MSMARCO Models¶

MS MARCO is a large scale information retrieval corpus that was created based on real user search queries using Bing search engine. The provided models can be used for semantic search, i.e., given keywords / a search phrase / a question, the model will find passages that are relevant for the search query.

The training data consists of over 500k examples, while the complete corpus consist of over 8.8 Million passages.

Usage¶

from sentence_transformers import SentenceTransformer, util

model = SentenceTransformer("msmarco-distilroberta-base-v3")

query_embedding = model.encode("How big is London")
passage_embedding = model.encode("London has 9,787,426 inhabitants at the 2011 census")

print("Similarity:", util.cos_sim(query_embedding, passage_embedding))

For more details on the usage, see Applications - Information Retrieval

Performance¶

Performance is evaluated on TREC-DL 2019, which is a query-passage retrieval task where multiple queries have been annotated as with their relevance with respect to the given query. Further, we evaluate on the MS Marco Passage Retrieval dataset.

As baseline we show the results for lexical search with BM25 using Elasticsearch.

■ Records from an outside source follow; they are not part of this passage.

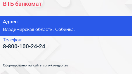 ВТБ, банкомат по адресу Владимирская область, Собинка, в дальнейшем Организация, размещена в следующих категориях: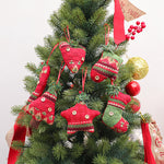 Retro natural khaki imitation burlap tree skirt with a lively red ruffle design, soft and comfortable texture.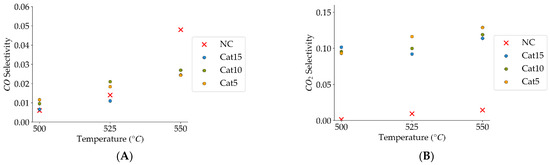 (A) Catalyst selectivity towards carbon monoxide (the mean standard deviation is ±0.007), (B) catalyst selectivity towards carbon dioxide (the mean standard deviation is ±0.01). Notes: (a) Tar surrogate: 2M4MP, (b) reaction time: 10 s, (c) steam atmosphere, (d) catalysts: Cat5, Cat10, Cat:15, (e) catalyst weight: 0.30 g, (f) non-catalytic (NC) runs’ conversions are reported as a reference.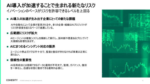「AIエージェントは企業内のさまざまなシステムと連携し、ものすごいスピードでさまざまなデータにアクセスしていく。これが攻撃で悪用されたり、設定ミス(で誤作動)したりしてデータの復旧が必要になったときに、従来のバックアップ/リカバリーという考え方は通用しない。『AIやエージェントのインフラに特化した保護』『AIエージェントが引き起こすリスクの軽減』さらに『機密データへのAIアクセスの監視やガバナンス』という3つの要素が求められる」(高井氏)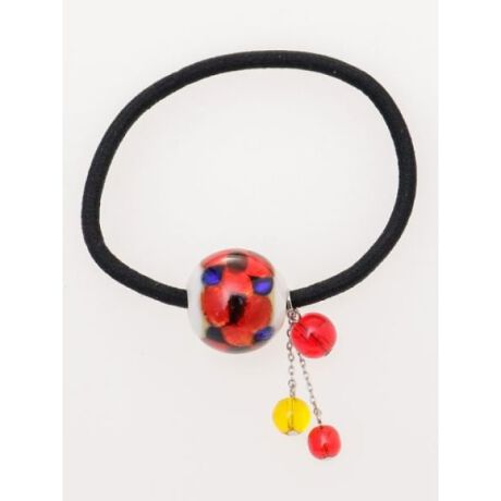 [型番:7CNZ0107-2024]ホタル玉では定番の青色と日本らしい金魚と桜を色で表現したホタル玉ヘアゴム。色鮮やかで大きなホタル玉はまとめ髪を美しく華やかに魅せます。一緒についているガラスのモチーフがより春らしさや夏らしさを演出してくれます。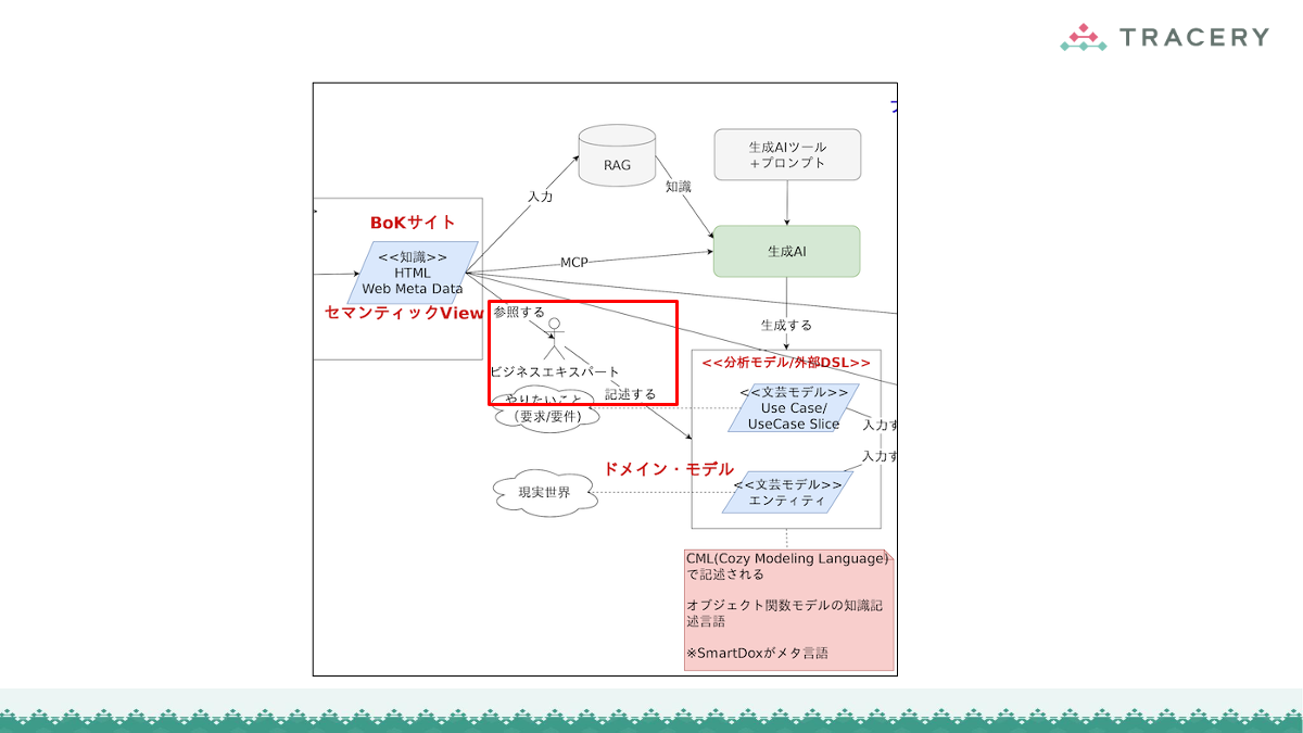 浅海:今まで話に出てきた知識、コンセプトモデル、分析モデルを、ビジネスエキスパート、開発者、そして AI が同じ立場で参照・更新できる共通のモデルとして扱う、というイメージです。

Approach NDCG@10 (TREC DL 19 Reranking) MRR@10 (MS Marco Dev) Queries (GPU / CPU) Docs (GPU / CPU)
Models tuned for cosine-similarity
msmarco-MiniLM-L-6-v3 67.46 32.27 18,000 / 750 2,800 / 180
msmarco-MiniLM-L-12-v3 65.14 32.75 11,000 / 400 1,500 / 90
msmarco-distilbert-base-v3 69.02 33.13 7,000 / 350 1,100 / 70
msmarco-distilbert-base-v4 70.24 33.79 7,000 / 350 1,100 / 70
msmarco-roberta-base-v3 69.08 33.01 4,000 / 170 540 / 30
Models tuned for dot-product
msmarco-distilbert-base-dot-prod-v3 68.42 33.04 7,000 / 350 1100 / 70
msmarco-roberta-base-ance-firstp 67.84 33.01 4,000 / 170 540 / 30
msmarco-distilbert-base-tas-b 71.04 34.43 7,000 / 350 1100 / 70
Previous approaches
BM25 (Elasticsearch) 45.46 17.29
msmarco-distilroberta-base-v2 65.65 28.55
msmarco-roberta-base-v2 67.18 29.17
msmarco-distilbert-base-v2 68.35 30.77

Notes:

  • We provide two type of models, one tuned for cosine-similarity, the other for dot-product. Make sure to use the right method to compute the similarity between query and passages.

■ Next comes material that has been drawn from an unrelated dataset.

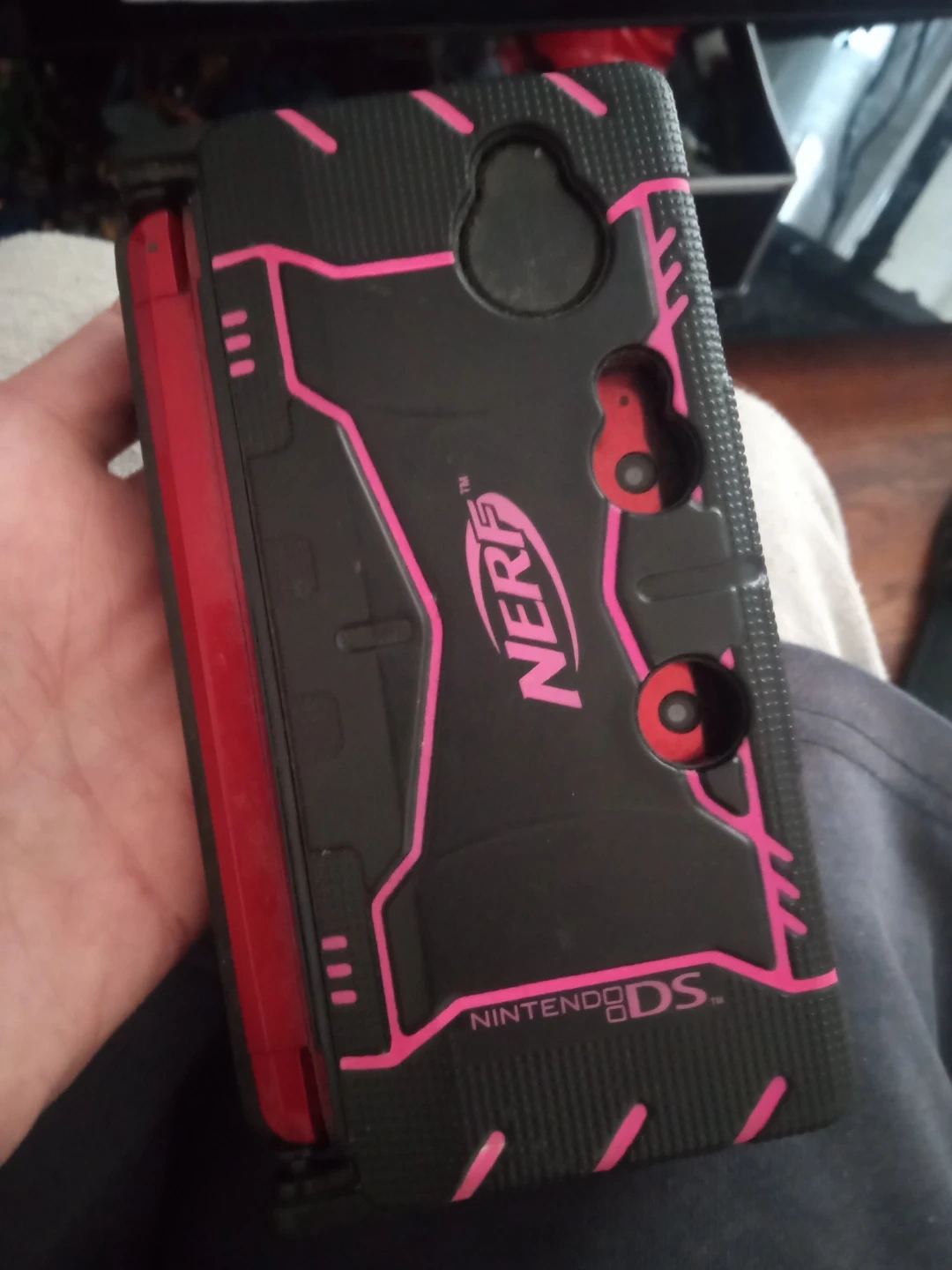 Awesome Nerf armor case is designed for the Nintendo DS/ 3DS and includes a large game storage bag. The case offers protection and a tactical look with its black and pink design. The storage bag holds numerous Nintendo DS/3DS game cartridges.Region-free and fully customizible system,

  • Models tuned for cosine-similarity will prefer the retrieval of shorter passages, while models for dot-product will prefer the retrieval of longer passages. Depending on your task, you might prefer the one or the other type of model.

  • msmarco-roberta-base-ance-firstp is the MSMARCO Dev Passage Retrieval ANCE(FirstP) 600K model from ANCE. This model should be used with dot-product instead of cosine similarity.

  • msmarco-distilbert-base-tas-b uses the model from sebastian-hofstaetter/distilbert-dot-tas_b-b256-msmarco. See the linked documentation / paper for more details.

  • Encoding speeds are per second and were measured on a V100 GPU and an 8 core Intel(R) Xeon(R) Platinum 8168 CPU @ 2.70GHz

Changes in v3¶

The models from v2 have been used for find for all training queries similar passages. An MS MARCO Cross-Encoder based on the electra-base-model has been then used to classify if these retrieved passages answer the question.

If they received a low score by the cross-encoder, we saved them as hard negatives: They got a high score from the bi-encoder, but a low-score from the (better) cross-encoder.

We then trained the v2 models with these new hard negatives.

Version Histroy¶

As we work on the topic, we will publish updated (and improved) models.